YOUR GOAL
Starting at the first line of the data, print each line verbatim up to and including the line bearing "Además, en El", omitting pictures.

DATASET CONTENT
------------------------------------------------

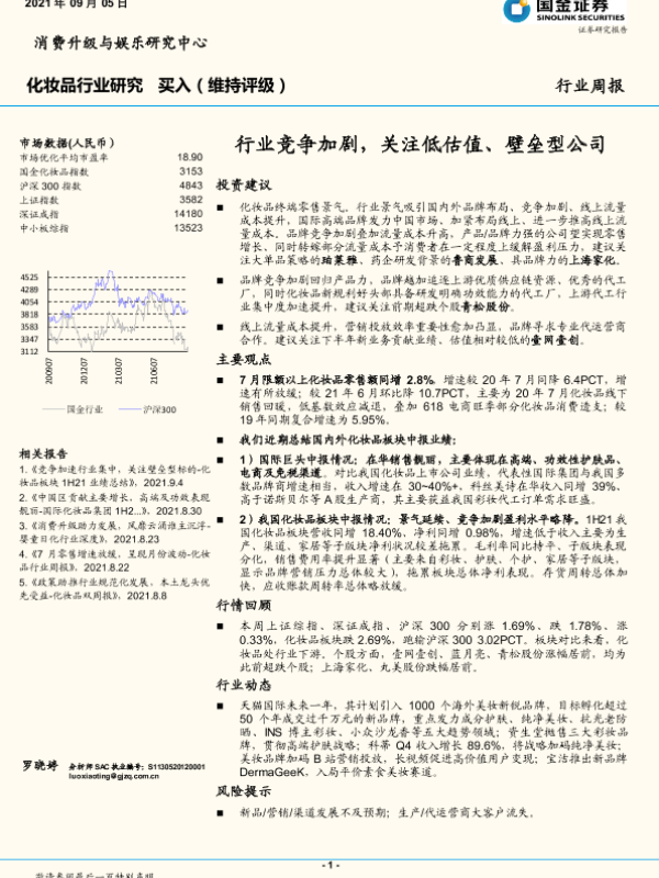 【国金证券】【20210905】化妆品行业研究周报:行业竞争加剧,关注低估值、壁垒型公司-9页 行业研究
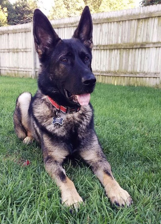 Watercolor portrait of a brindle mastiff with its tongue out.
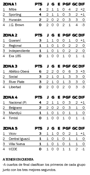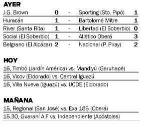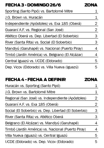 Además, en El Soberbio, Atlético Oberá se hizo fuerte ante el local Social y se impuso por 3-1 para cortarse en lo más alto de la Zona 3; mientras que en el mismo grupo, pero en Santa Rita, River Plate aprovechó su localía y superó por 1-0 a Libertad de El Soberbio.
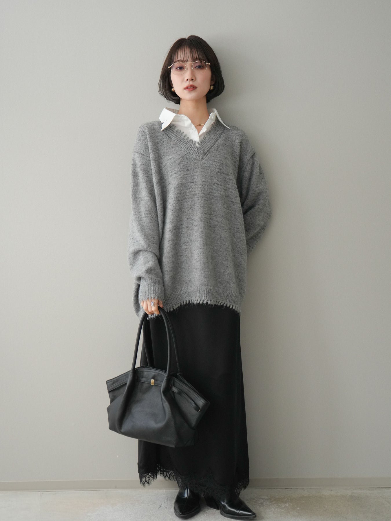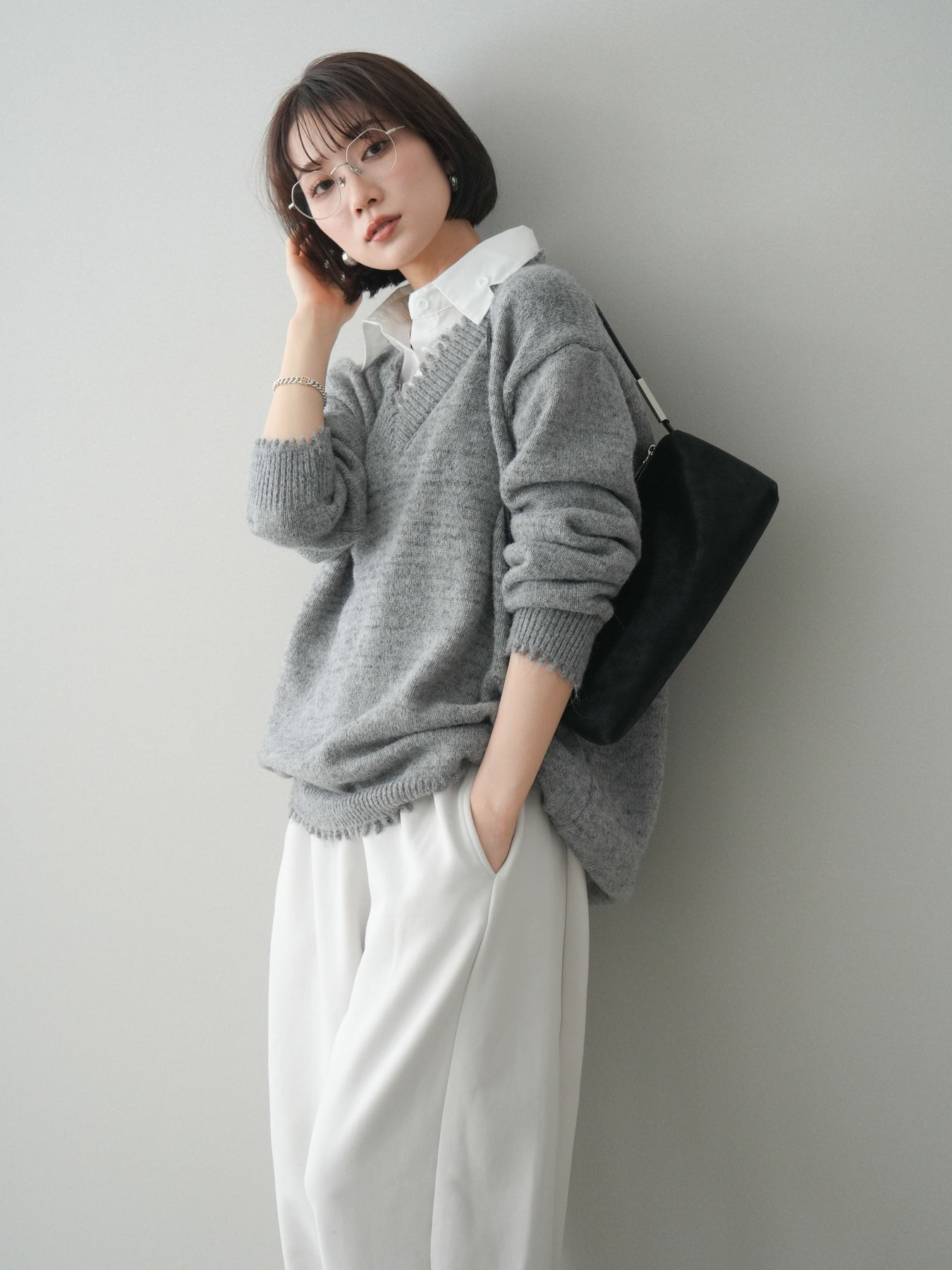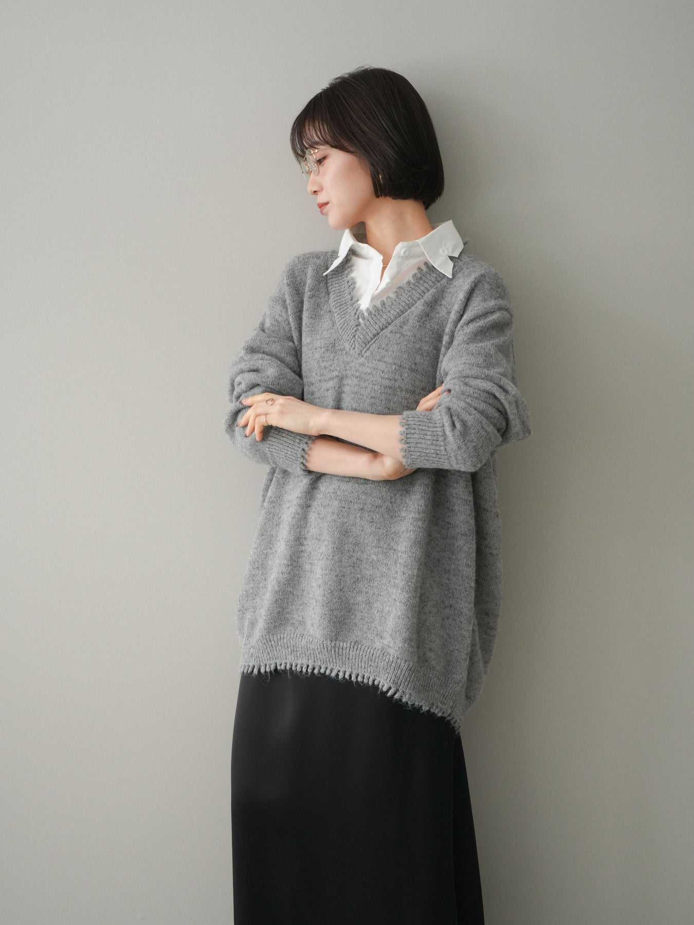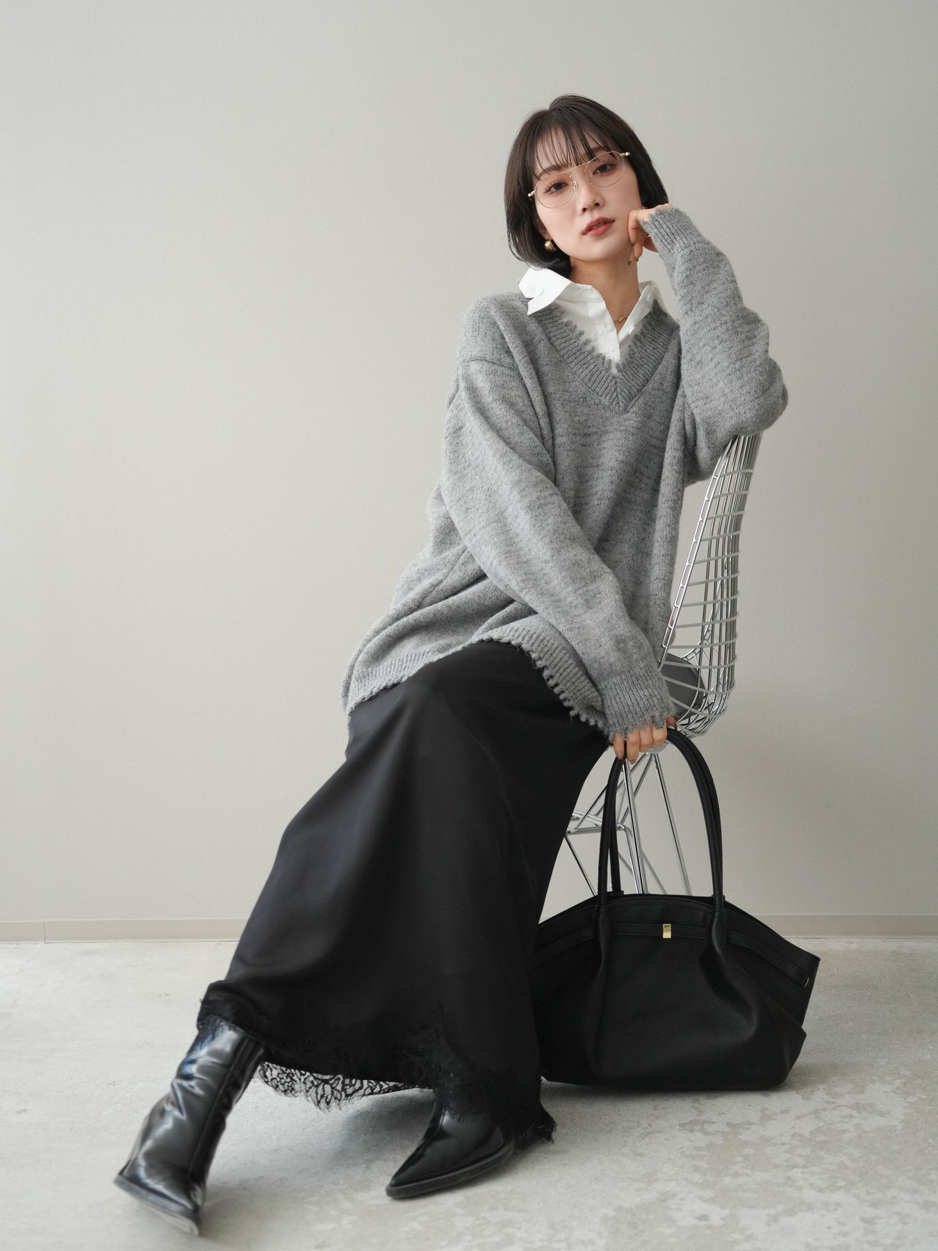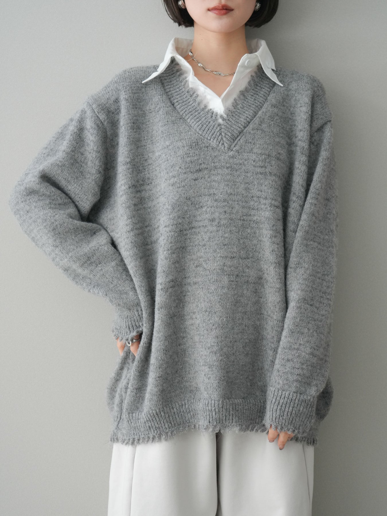 ◆ [予約]シャツドッキングVネックフリンジニットプルオーバー

------------------------------------------------

EXERCISE RESULT
 【国金证券】【20210905】化妆品行业研究周报:行业竞争加剧,关注低估值、壁垒型公司-9页 行业研究
 Watercolor portrait of a brindle mastiff with its tongue out.
 Además, en El Soberbio, Atlético Oberá se hizo fuerte ante el local Social y se impuso por 3-1 para cortarse en lo más alto de la Zona 3; mientras que en el mismo grupo, pero en Santa Rita, River Plate aprovechó su localía y superó por 1-0 a Libertad de El Soberbio.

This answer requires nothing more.